GOAL OF THE EXERCISE:
Begin at the line below that holds "5、翡翠、姬子、阮梅(知更鸟)、砂金(灵砂)" and end at the line that holds "Brighten up your", transcribing each line exactly and skipping any picture.

EXERCISE INPUT:
-- Opening Marker --

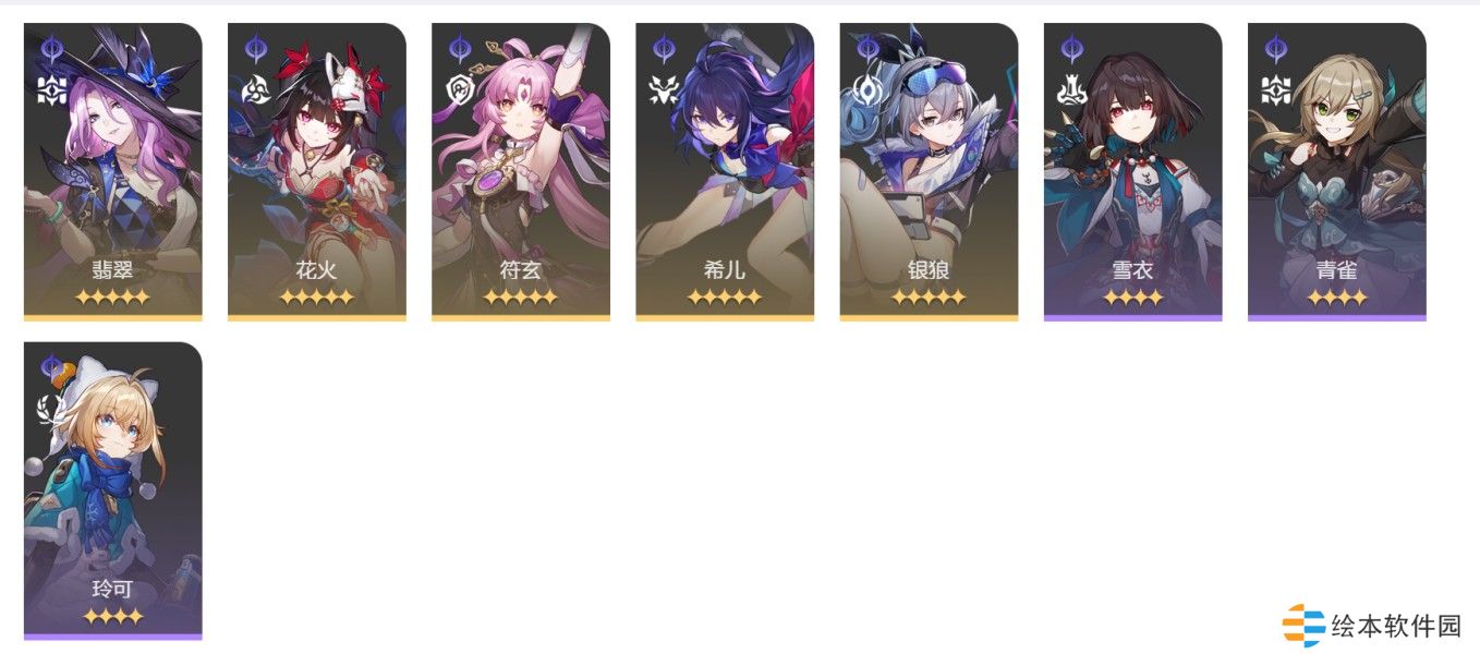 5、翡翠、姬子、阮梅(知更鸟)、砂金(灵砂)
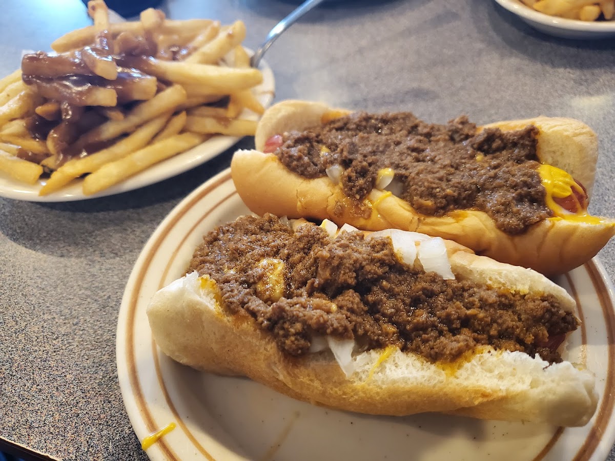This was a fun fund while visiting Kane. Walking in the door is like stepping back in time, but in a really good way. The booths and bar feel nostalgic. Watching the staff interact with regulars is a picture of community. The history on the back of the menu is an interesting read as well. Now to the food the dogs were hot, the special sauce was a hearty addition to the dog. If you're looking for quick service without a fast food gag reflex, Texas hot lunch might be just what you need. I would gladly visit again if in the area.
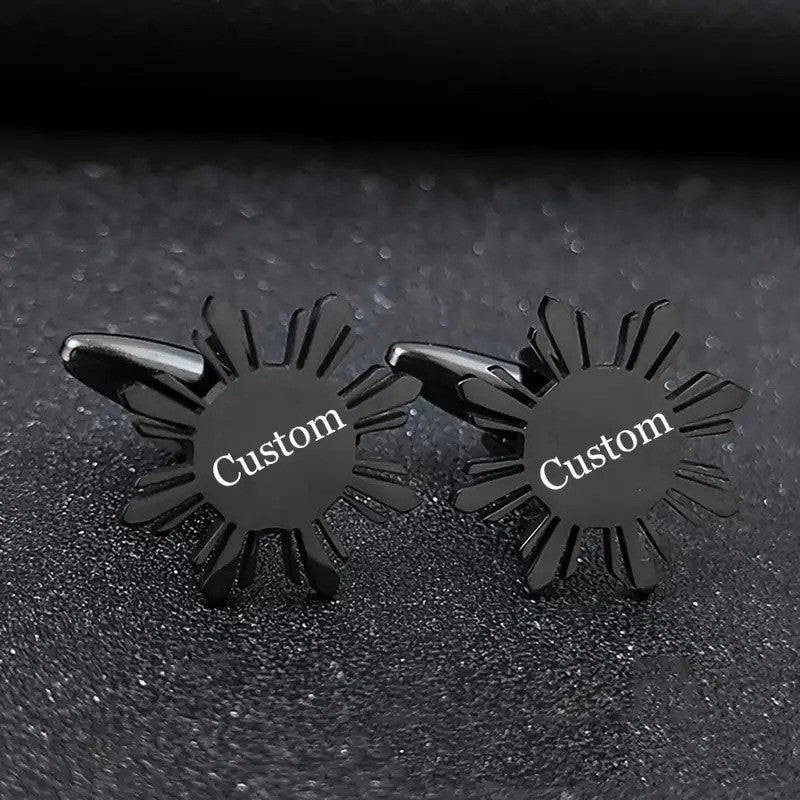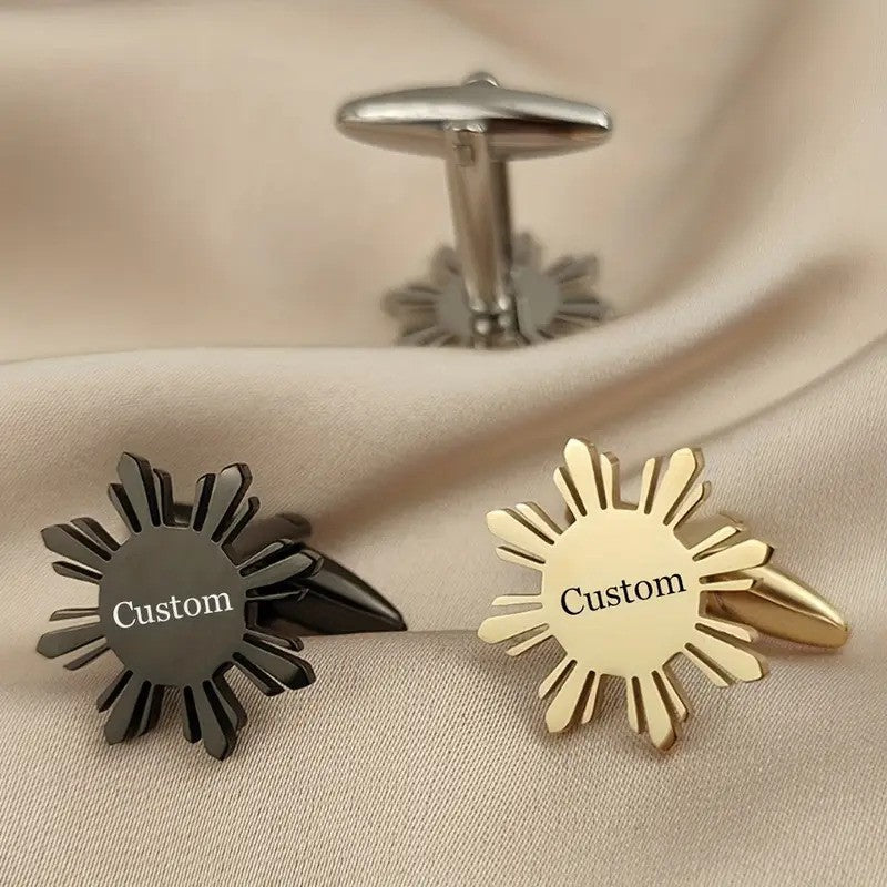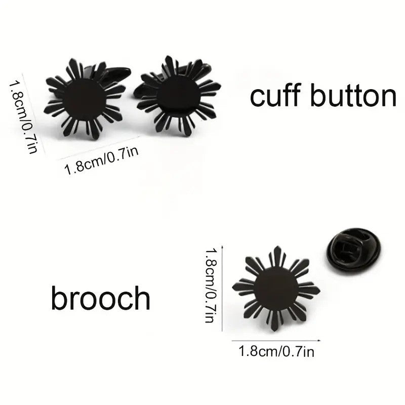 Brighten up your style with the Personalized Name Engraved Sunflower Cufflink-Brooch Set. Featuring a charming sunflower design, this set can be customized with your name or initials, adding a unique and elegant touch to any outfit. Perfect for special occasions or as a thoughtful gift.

-- Closing Marker --
-- Opening Marker --

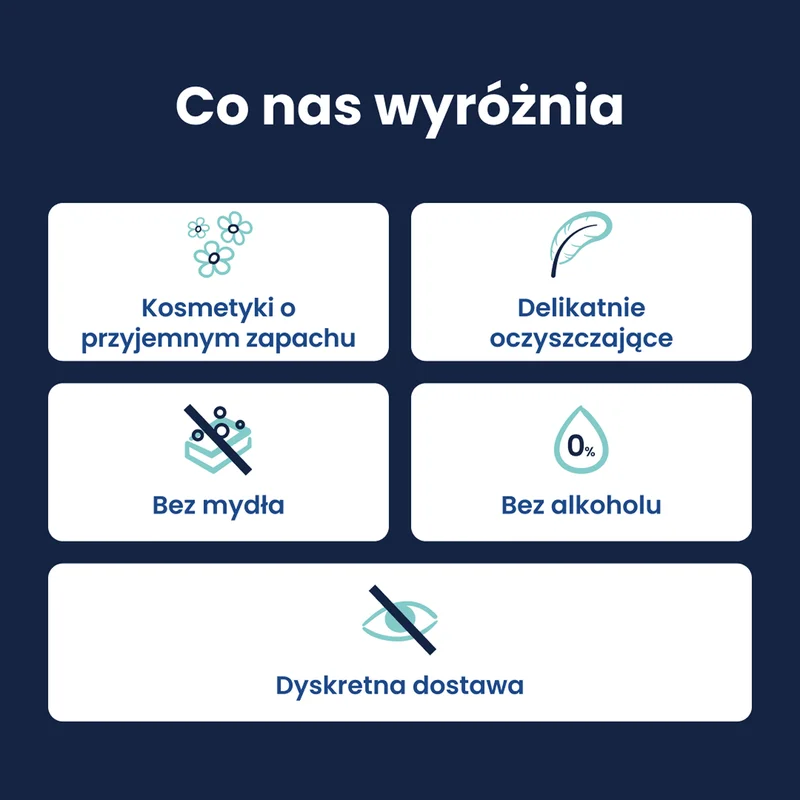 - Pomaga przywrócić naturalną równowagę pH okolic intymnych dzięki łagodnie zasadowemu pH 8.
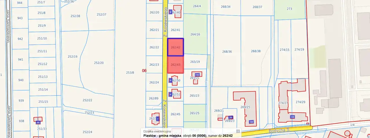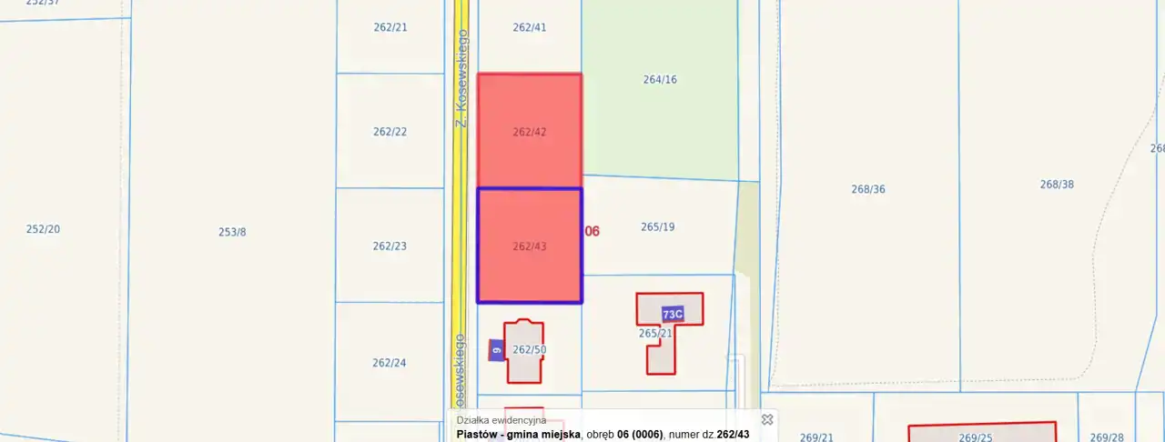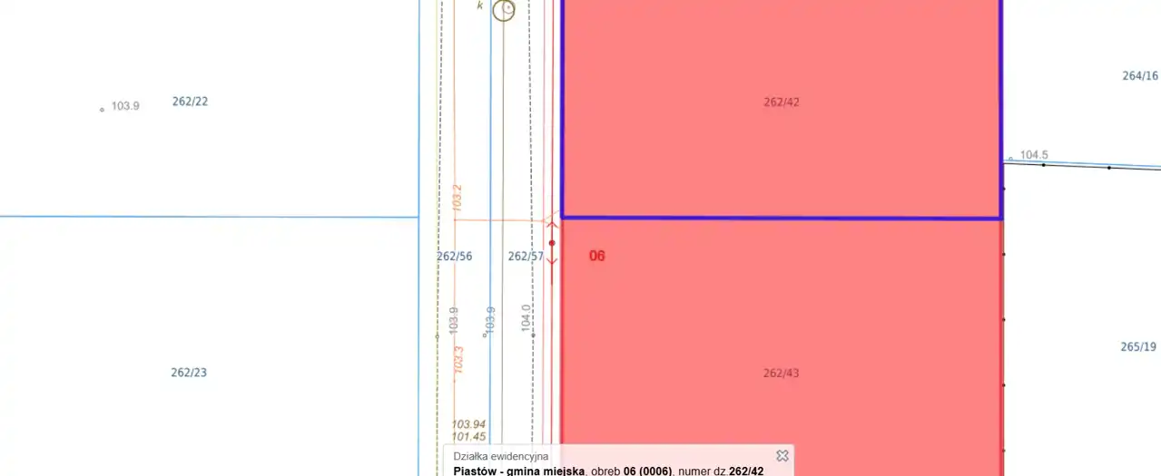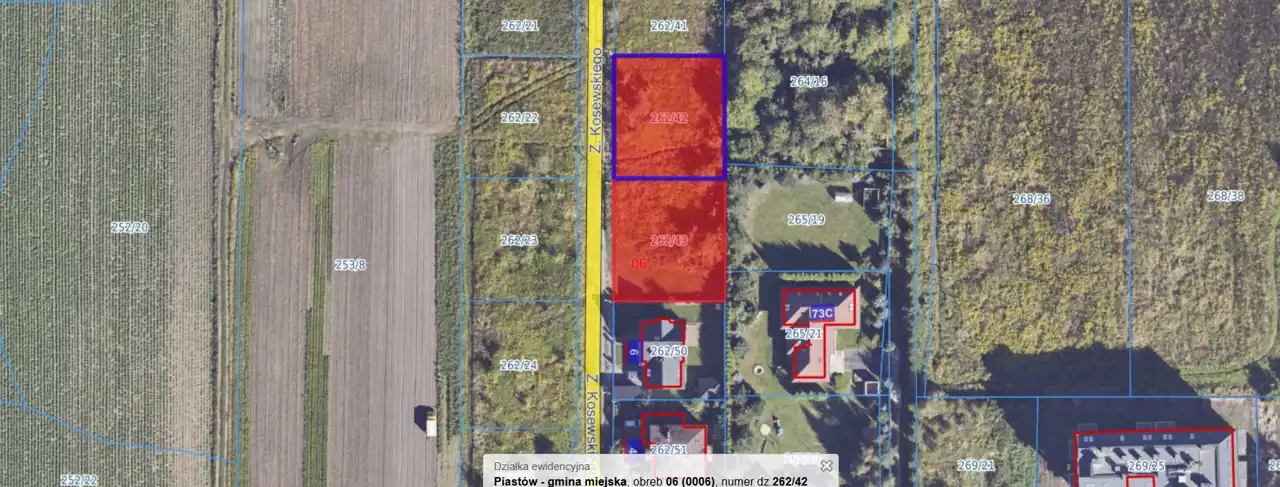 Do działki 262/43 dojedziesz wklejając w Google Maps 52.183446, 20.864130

-- Closing Marker --

EXERCISE SOLUTION:
 5、翡翠、姬子、阮梅(知更鸟)、砂金(灵砂)
This was a fun fund while visiting Kane. Walking in the door is like stepping back in time, but in a really good way. The booths and bar feel nostalgic. Watching the staff interact with regulars is a picture of community. The history on the back of the menu is an interesting read as well. Now to the food the dogs were hot, the special sauce was a hearty addition to the dog. If you're looking for quick service without a fast food gag reflex, Texas hot lunch might be just what you need. I would gladly visit again if in the area.
 Brighten up your style with the Personalized Name Engraved Sunflower Cufflink-Brooch Set. Featuring a charming sunflower design, this set can be customized with your name or initials, adding a unique and elegant touch to any outfit. Perfect for special occasions or as a thoughtful gift.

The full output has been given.